Silence descended on the vast chamber, broken only by the quiet murmuring of the fireplace flames. Josua shuffled absently through a few pages of Morgenes’ manuscript.
“And you have learned nothing further about the swords on which we have staked so much—nothing which would be of use to us?” he demanded.
Binabik shook his head. “We have been speaking now many times with Sir Camaris.” The little man gave the old knight a respectful nod. “He has
been telling us what he knows of the sword Thorn and its properties, but we have not yet learned of anything that tells us what we may do with it and the others.”
“Then we can’t afford to bet our lives on them,” Sludig said. “Magic and fairy-tricks will turn traitor every time.”
“You speak about things you do not know …” Geloë began grimly.
Josua sat up. “Stop. It is too late in the day to abandon the three swords. If it was my brother alone we fought, then perhaps we might chance it. But the Storm King’s hand has apparently been behind him at every step of his progress, and the swords are our only thin hope against that dark, dark scourge.”
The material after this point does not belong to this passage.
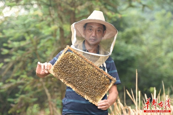 在蜜蜂飞舞的蜂箱前,贫困户阳建民“全副武装”,小心翼翼地揭开巢蜜框,上面爬满黑黄相间的小蜜蜂,黄澄澄的蜂蜜流淌下来。他告诉记者,再过段时间,又可以收割蜂蜜,借助网店卖给全国各地的网友。

Miriamele now stood. “Then let me ask again, Uncle Josua … Prince Josua, that we go directly to Erkynland. If the swords are valuable, then we need to take Sorrow back from my father and recover Bright-Nail from my grandfather’s grave. From what Geloë and Binabik are saying, we seem to have little time.”
Her face was solemn, but Duke Isgrimnur thought he sensed desperation behind her words. That surprised him. Important, all-important as these decisions were, why should little Miriamele sound like her own life was so absolutely dependent on going straight to Erkynland and confronting her father?
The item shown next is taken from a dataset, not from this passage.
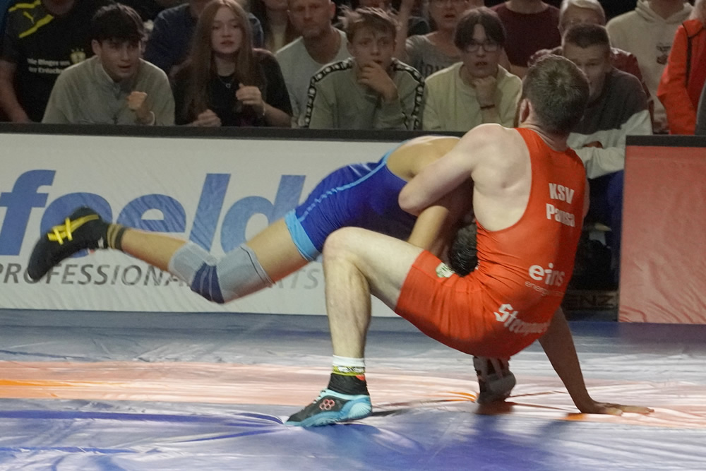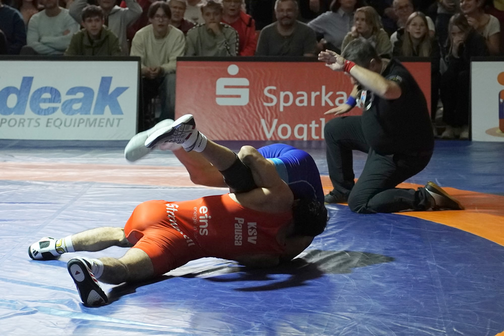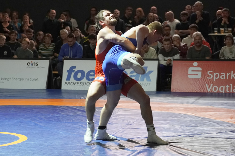 Den Auftakt machte Noorolah Ahmadi (61 kg/FR), der seine zweite Saison für die WKG kämpft. Der Berliner schulterte Werdaus Malik Yalcin, der ebenfalls aus Berlin kommt, nach nur 28 Sekunden, was die WKG-Fans bereits in beste Stimmung brachte. Die wurde auch nicht getrübt, als Artsiom Shumski im Schwergewicht (130 kg) in einem polnischen Duell gegen seinen 8 Kilo schwereren Landsmann Tomasz Wawrzynczyk mit 1:4 Punkten unterlag. Eine riesen Überraschung gab es im Limit bis 66 Kilo/GR, wo Youngster Carl Hocke den Werdauer Magomed Bekov mit 4:1-Punkten bezwang, was für Trainer Kevin Drehmann im Nachhinein ein entscheidender Sieg zum späteren Unentschieden war.

Josua’s look was cool. “Thank you, Miriamele. I have listened to what you say. I value your counsel.” He turned to face the rest of the assembly. “Now I must tell you my decision.” The desire to be finished with all this was audible in his every word.
“Here are my choices. To remain here—to build up this place, New Gadrinsett, and hold out against my brother until his misrule turns the tide in our favor. That is one possibility.” Josua ran his hand through his short hair, then held up two fingers. “The second is to go to Nabban, where with Camaris to march at the head of our army, we may quickly gain adherents, and thus eventually field an army capable of bringing down the High King.” The prince raised a third finger. “The third, as Miriamele and Freosel and others have suggested, is to move directly into Erkynland, gambling that we can find enough supporters to overcome Elias’ defenses. There is also a possibility that Isorn and Count Eolair of Nad Mullach may be able to join us with men recruited in the Frostmarch and Hernystir.”